Hanımlarını Cimas restoranının İngiliz barına götürdü ve akşamları Estoril kumarhanesinde geçirdi. 1941'de Fleming, Popov'un görev için tahsis edilen parayı - bir kumarhanede 50 bin dolar (bugünkü döviz kuruyla bir buçuk milyondan fazla) kaybettiğini gördü. Ancak Popov, bankayı elinde tutan Litvanyalıya karşı blöf yaptı. Sonuç olarak, Fleming'in Portekiz hatıralarına dayanarak yazdığı bir roman olan Casino Royale'nin sayfalarında başrol oynadı.

Dusan Popov, Spy-Counter-Spy adlı anılarında şunları yazdı: “Ian Fleming'in James Bond'unu benden sildiğini söylediği söylendi. Belki de bu böyledir. Amerika Birleşik Devletleri'ne uçuşumdan birkaç gün önce Lizbon'da Fleming ile konuştum. Bana her yerde eşlik etti ve belki de bir gece olanları kitapta somutlaştırdı. "

Gerçek şu ki, Dusko Popov daha sonra ABD'de bir Alman ağı oluşturmayı amaçlayan Abwehr'den 80 bin dolar aldı. Ve Fleming'i kızdırmaya karar verdi.

"Muhtemelen Fleming bu davayı öğrendi... Palacio Otel'deki odamdan çıkıp lobiye indim. Gece elbisemin cebinde kalın bir banknot destesi vardı. Parayı otel kasasına bırakıp dikkatleri üzerime çekmek yerine yanımda taşımayı tercih ettim. Fleming'i fark ettiğimde, ona hiç önem vermedim. Sonra akşam yemeğinden önce bir şeyler içmek için bara gittim ve onunla tekrar karşılaştım. Benimle aynı restoranda yemek yedi. Bütün bunlar dikkatimi çekti ve şüphelerimi kontrol etmeye karar vererek Estoril Kumarhanesi'ne giden parka bilerek yavaş yavaş girdim. Fleming beni takip etti. O anda peşimde bir MI6 kişinin olması komikti, onun sadece parayı koruyabileceğini biliyordum ama beni koruyamazdı. İngiliz istihbaratının bana güvenmek için iyi bir nedeni vardı. Kafamda taşıdığım sırlar 80.000 dolardan çok daha değerliydi...

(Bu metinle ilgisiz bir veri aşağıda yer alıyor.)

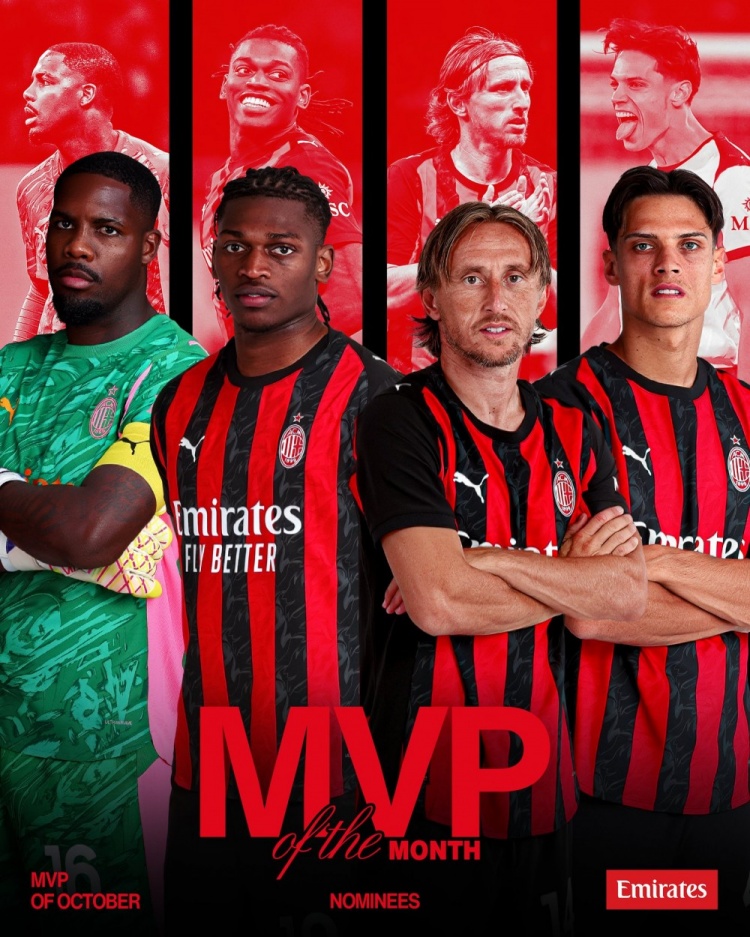 米兰10月最佳候选:迈尼昂(守门员)、莱奥(翼锋)、莫德里奇(中前卫)、里奇(中前卫)。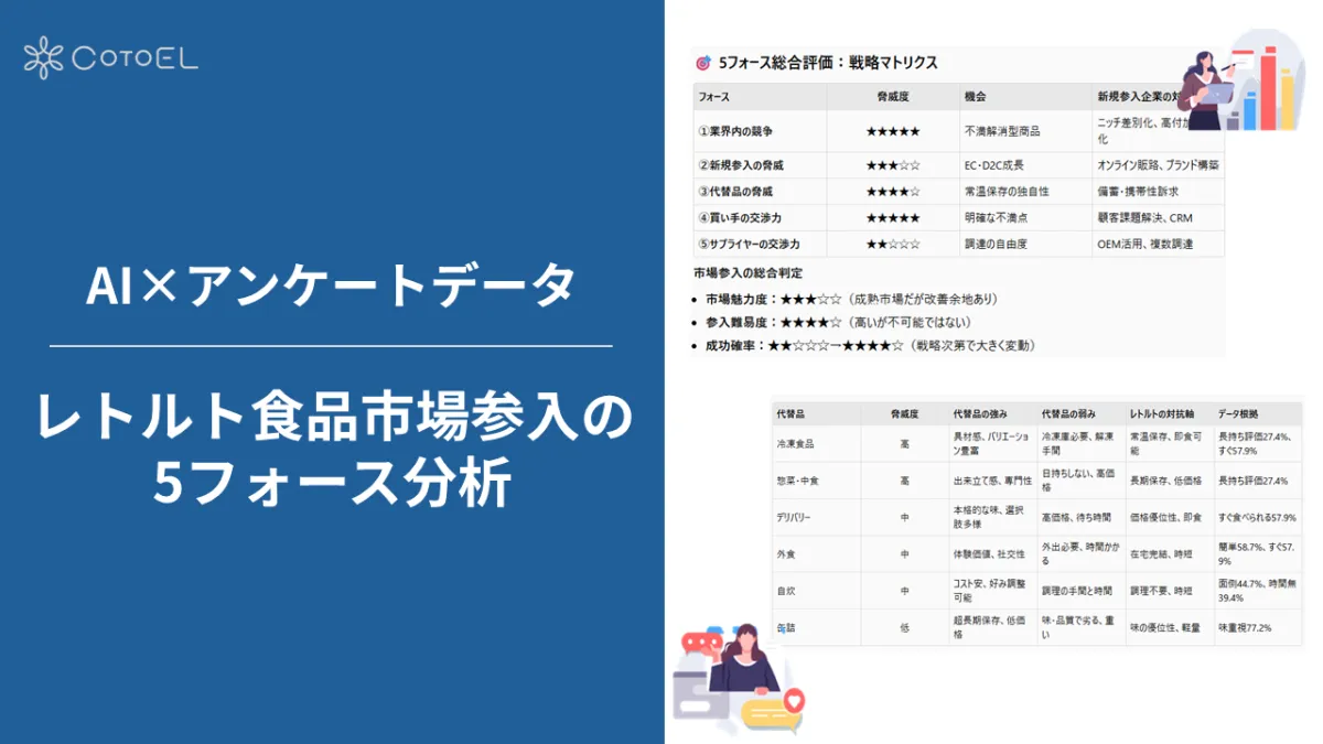 食品市場は今、さまざまな選択肢が広がっています。レトルト食品や冷凍食品、中食惣菜と、家庭の食卓における選択肢が急増している中、マイボイスコム株式会社が行った調査結果が注目を集めています。この調査は、AI分析ツール「CotoEL」を使ったもので、レトルト食品市場の現状と新規参入の可能性を探るための5フォース分析が行われました。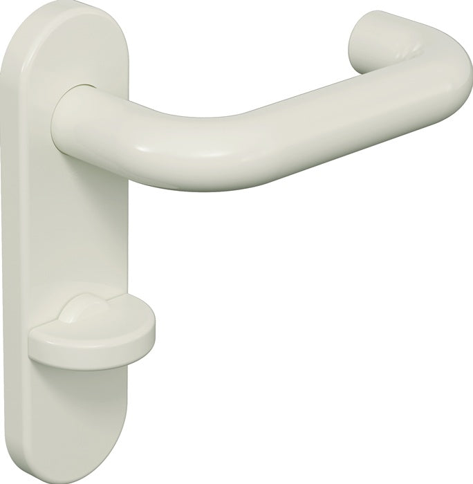 in tecnologia R con piastra posteriore secondo DIN 18255 e DIN EN 1906 in poliammide, superficie lucida, composta da: Maniglia a leva a U in poliammide con anima continua in acciaio fino all'estremità della maniglia, interamente colorata, diametro 20 mm, con guida per l'aletta e scanalatura per lo scrocco, installazione mediante semplice inserimento a scatto della maniglia a leva nelle parti di base premontate sulla porta. Il meccanismo di chiusura può essere sbloccato nuovamente con una chiave di smontaggio. La maniglia a leva soddisfa i requisiti delle norme DIN EN 179 e DIN 18040. Sottostruttura della maniglia in materiale composito plastica/acciaio inox, utilizzabile sia a sinistra che a destra. Cuscinetto fisso della maniglia a leva con bloccaggio automatico su tutti i lati e punto di appoggio da 5 mm come cuscinetto a strisciamento esente da manutenzione con area di compensazione elastica e secondo punto di appoggio nel collo della maniglia a leva. Vite di fissaggio nascosta e antiallentamento con combinazione di vite M4 e vite a bussola e perno di supporto. Coperchio della maniglia in poliammide, interamente colorato, 46 x 180 mm, altezza 13 mm, curvo, spessore parete 1,5 mm. Progettato e testato per il settore contract, categoria d'uso in conformità alla norma DIN EN 1906 - raccordo di classe 4 con mandrino quadrato da 8 mm - lunghezza della maniglia a leva 138 mm - raccordo della maniglia a leva - distanza 78 mm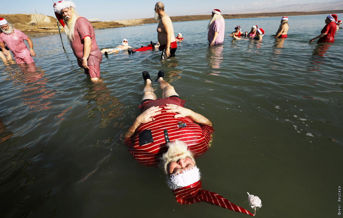 Санта-Клаусы купаются в Мертвом море в честь Рождества

Kumarhanenin koridorlarında yürüdük, benim "gölgem" ve ben oyunu izleyerek. Ve sonra şeytanın bana ne olduğunu bilmiyorum: belki de Fleming'in sürekli arkamda olması beni böyle etkiledi. Ama çok sevdiğim Bete noire'mdaki oyunculardan biri yeniden blöf yapmaya başlayınca sakince "Elli bin dolar!" dedim. - ve gerekli miktarı saydıktan sonra, yeşil kumaşın üzerine sağlam bir banknot demeti koyun. Herkes sessizdi, Fleming'e baktım. Yüzü öfkeden yeşile döndü.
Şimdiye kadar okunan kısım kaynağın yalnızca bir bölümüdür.